Mirror's Edge was just listed on abgx.  Not too much information is on there except that it, of course, runs on PAL region Xbox 360s.

Name: Mirrors.Edge.PAL.X360-Allstars
Release Group: Allstars
Release Date: 2008-11-10
Filename: alls-miredg
Region: PAL


----------



## Prime (Nov 10, 2008)

4 days before release. No bad.


----------



## BiscuitBee (Nov 10, 2008)

I'm quite excited for this one. The demo was crazy short! What a tease


----------



## Chanser (Nov 10, 2008)

The game is short, so you'll be playing it again and again. That's no bad thing as you'll be looking for alternative paths.


----------



## shaunj66 (Nov 10, 2008)

I fucking LOVED the demo.

Even though I have a chipped 360, I'm very tempted to buy this one.


----------



## WildWon (Nov 10, 2008)

Damnit. I need to get this. I'm definitely buying it on release day, but i haven't even tried the demo yet. No net access at home doesn't allow for much demo downloading 
	

	
	
		
		

		
		
	


	




 Oh well, soon enough


----------



## adgloride (Nov 10, 2008)

The demo of this is great.  Its what the matrix games should have been.  Even if the games short, I can see it being tough to finish.


----------



## Armadillo (Nov 10, 2008)

Been waiting for this , demo was great. Gonna start downloading as soon as I clear some space 
	

	
	
		
		

		
		
	


	




.


----------



## squirt1000 (Nov 10, 2008)

Also grabbing this one! Since I upgraded to NXE I have no live and have been unable to grab the demo 
	

	
	
		
		

		
		
	


	




 From what ive read it sounds quite cool


----------



## Neko (Nov 10, 2008)

Oh god. Getting it now as we speak. Couldn't stop playing the Demo, this game is mindblowing.


----------



## BiscuitBee (Nov 10, 2008)

I guess it's my turn to be jealous of PAL users!


----------



## Neko (Nov 12, 2008)

So, I played through the mainstory yesterday. Yes, I did it in a single day. 
	

	
	
		
		

		
		
	


	



It's a pretty short game that's for sure, but I had damn much fun, although, sometimes I just got stuck and I thought I would freak out. The graphics are pretty awesome and smooth.


----------



## Prime (Nov 12, 2008)

BiscuitBee said:
			
		

> I guess it's my turn to be jealous of PAL users!

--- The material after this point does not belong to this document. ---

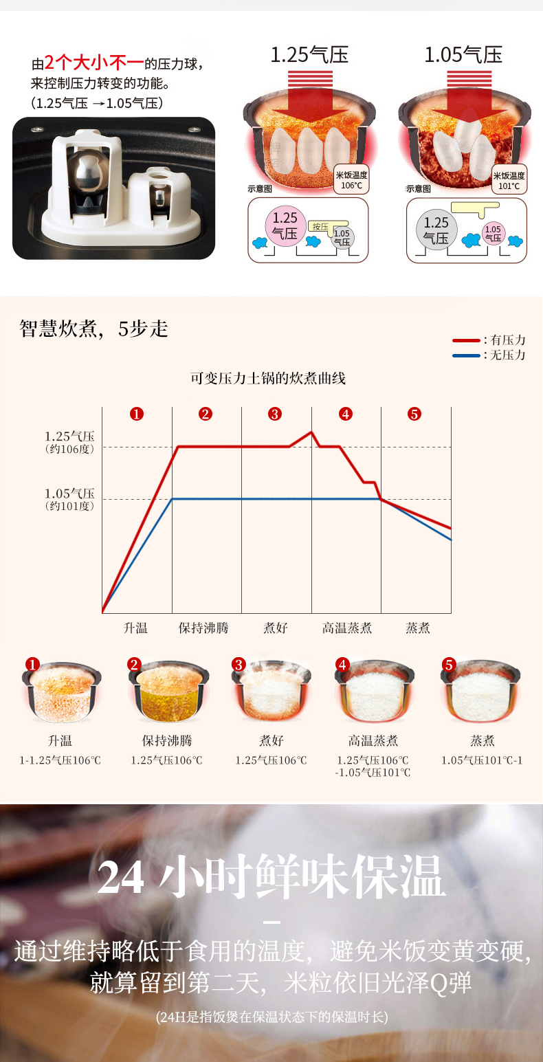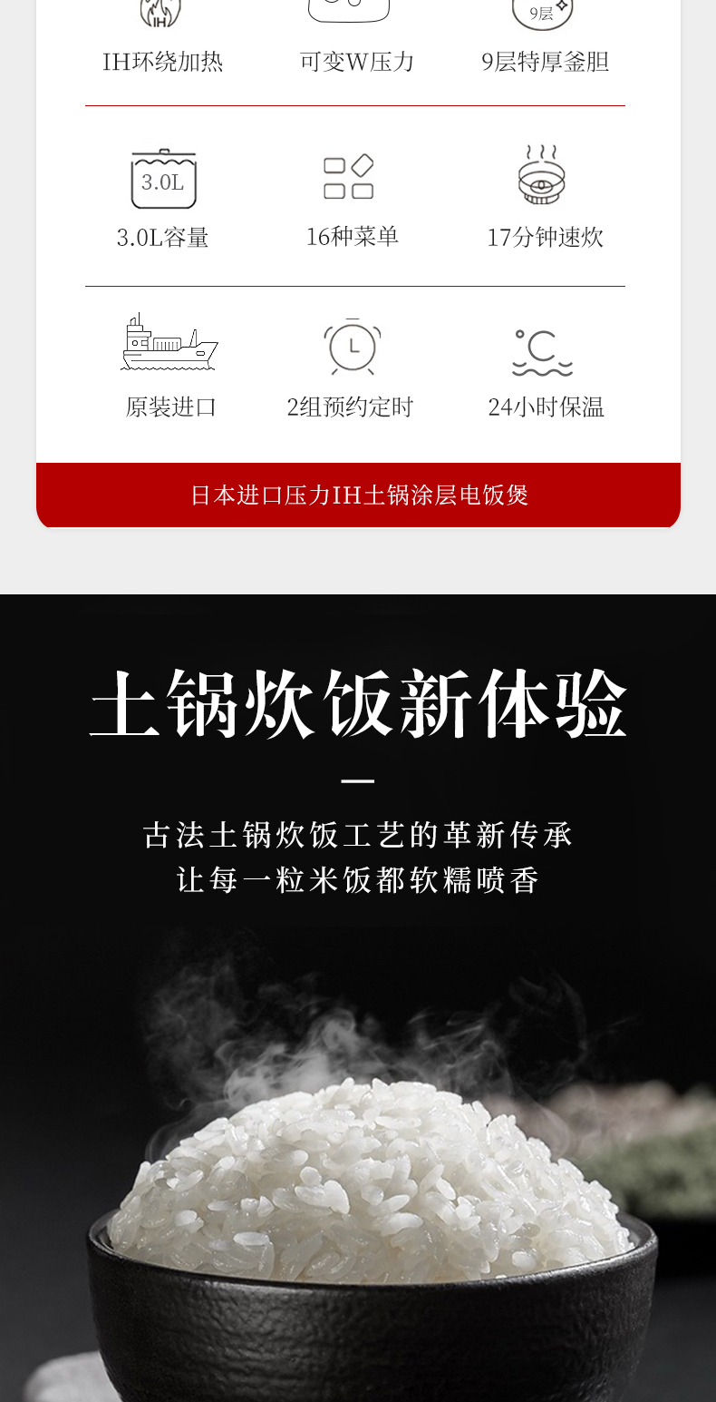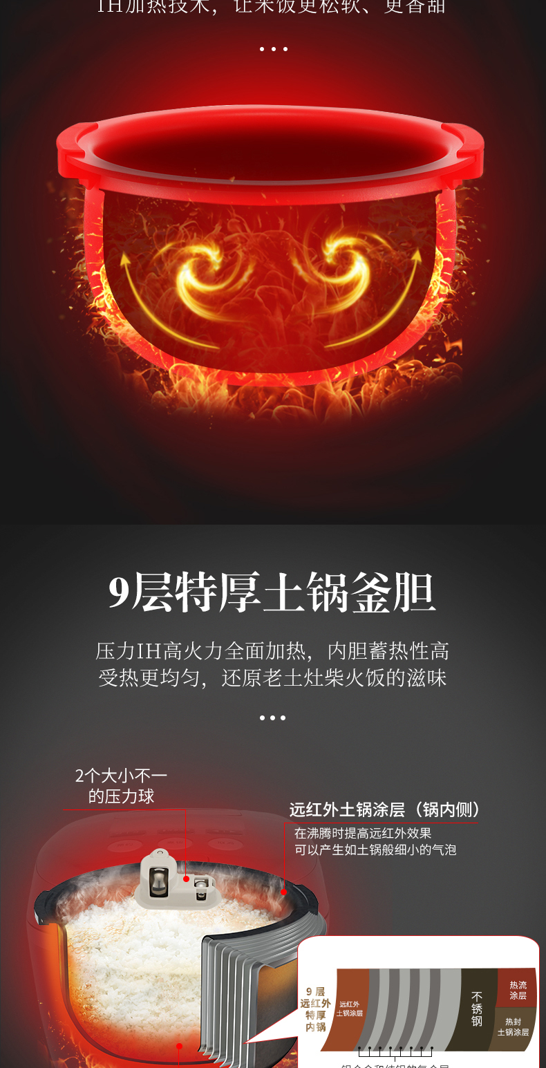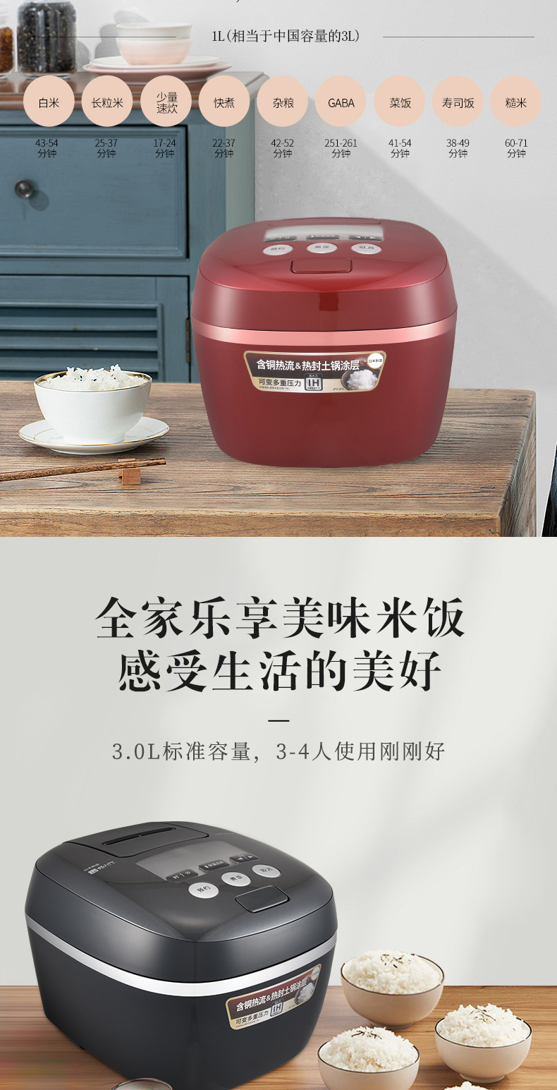 TIGER/虎牌 JPC-G10C/18C 智能压力IH土锅涂层电饭煲3L/5L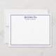 Tarjeta de nota azul marino oscuro y blanco. Incluye nombre, borde y parte posterior azul sólido.

No need to be jealous anymore:

Mirrors_Edge_NTSC_XBOX360-SuperX360

NFO


----------



## BiscuitBee (Nov 12, 2008)

Prime said:
			
		

> BiscuitBee said:
> 
> 
> 
> ...


Yay!

Actually, I don't even know why I am jealous anymore. I'm so back logged on games right now that I've made a rule to finish one game until I move on to the next.... I'm still on Fallout 3! (on PC, though).


----------



## lenselijer (Nov 12, 2008)

Just finished this game, rather short but really great, took me about 5 hours?


----------



## deathfisaro (Nov 13, 2008)

How many achievements did you unlock by the end of your first playthrough?
Maybe it's meant to be played several times over.

I don't mind short games, in fact I rather enjoy short games than long games that forcefully extend playtime by including tons of grinding, backtracking, loading, unnecessarily large non-interactive maps, and whatever else games use to waste your time.


----------



## Edgedancer (Nov 13, 2008)

Man I would like this game. It looks great.


----------



## jaxxster (Nov 13, 2008)

over rated, Too short, too linear, only so much of jumping from roof to roof you can do without getting the feeling nothings actually changing gameplay wise.


----------



## Armadillo (Nov 13, 2008)

Just finished this today , was fun. Any longer though and it would have started to drag. Finished just in time for tomb raider underworld 
	

	
	
		
		

		
		
	


	




.


----------